Aunties, can you please explain the whole GameStop stock debacle in normal-people terms?

Bahahaha! I’m fucking STOKED you asked. This is the kind of absurdity that I live for, cry over, and reinforces my belief that MONEY IS FAKE. Ok here goes…

First a definition: What does it mean to “short a stock”? Shorting or even short-selling stocks is when you borrow shares in a company then immediately re-sell them in the hopes that you can buy them back later at a lower price. You then return the shares to the original lender they were borrowed from and pocket the difference. It is a STUPIDLY RISKY way of making money on the stock market, and has traditionally only been used by Wall Street Evil Knievels and people so hopped up on cocaine they thought the housing collapse of 2008 would be a great fucking idea. None of you should try shorting stocks. Buy stocks, invest for the long term, and go about your business. 

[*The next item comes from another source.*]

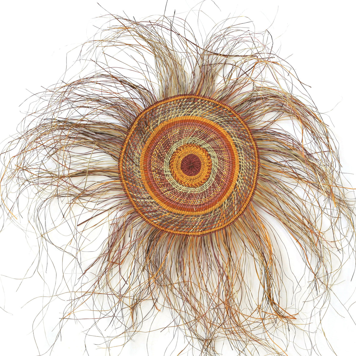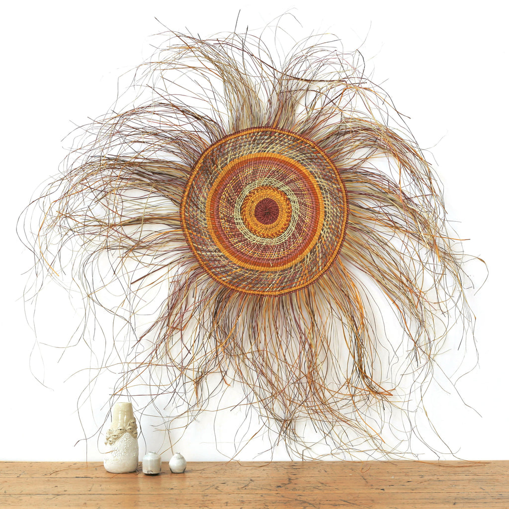 Pandanus sind palmenartige, zweihäusige Bäume und Sträucher, deren Blätter „Pandan“ häufig im traditionellen Kunsthandwerk verwendet werden. Die jungen Blätter werden geerntet und in feine Streifen geschnitten, gefolgt von einem Färbeprozess, bei dem die Streifen in Fässer mit Buschfarben, Wurzeln und Blättern verschiedener Pflanzen aus der Region gelegt werden. Der Farbstoff wird durch Schlag- und Zerkleinerungstechniken gewonnen und dann zusammen mit dem Pandanus dem Wasser zugesetzt, um diese lebendigen Farbtöne zu erzeugen. Die Pandan-Streifen werden dann zu komplizierten Körben und Matten geflochten oder für andere Designs zu Seilen gerollt.

Mmkay, so with that out of the way, let’s talk about what’s going on with GameStop. 

Hedge fund managers (people who run big conglomerations of investors and investments) are betting on GameStop to fail, business-wise. They think the stock is crashing and that the company is in trouble. Why? Not important for the purposes of this explanation. They have just made certain projections that show GameStop is failing on the investment front. So the hedge fund managers want to capitalize on this failure (read: get rich off of GameStop’s demise) by shorting GameStop stock. With me so far?

This is all business as usual for the world of high stakes investing. But heeeeeere’s where it gets interesting. There’s a Reddit forum called /r/WallStreetBets. Their whole thing is sharing stock tips and hot investments. It’s for people who know the stock market well enough to literally play with it on a small scale. They found out about the plan to short GameStop stock. And they took evasive maneuvers. 

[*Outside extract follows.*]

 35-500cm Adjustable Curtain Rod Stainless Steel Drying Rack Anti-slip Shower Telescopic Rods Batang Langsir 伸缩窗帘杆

Suddenly, members of this Reddit started buying up GameStop stock en masse. These purchases drove the price of the stock way up (that’s how the stock market works) AND it prevented the stock shorters from fulfilling their scheme AND it forced them to lose a ton of money. For example, the professional hedge fund managers lost $1.6 billion in a single day last week. By contrast? One of the WallStreetBets dudes turned $50,000 into $11 million.

But what does any of this literally have to do with GameStop? ALMOST NOTHING. The company itself is not doing anything any different. Its value and stock prices are soaring not because of anything GameStop has done to improve itself… only because people who play with money are artificially inflating its value through this weird war.

In my opinion, the heroes here are WallStreetBets. They are demonstrating, in real time, how fucking arbitrary the value of something can be. They are calling Wall Street’s bluff and fucking with the people who–FOR A LIVING–just regularly decide to drive an individual company out of business and its employees out of jobs. 

Whatever your thoughts on GameStop as a company, this is an abject lesson in how capitalism is not some hallowed law of the universe, but an arbitrary system we made up. That system can be hacked. It can be broken. And it can be fun!

Anyway, hope that helps. This is as close to a simple explanation as I could get, and a LOT of nuance is missing so please don’t @ me. If you want a way more in-depth read that’s still simple enough for those who don’t know shit about investing, I got my information from Vox. And if you enjoyed this explanation, maybe read these ones too:

A Brief History of the 2008 Crash and Recession: We Were All So Fucked 

Dashit Just Happened, Equifax?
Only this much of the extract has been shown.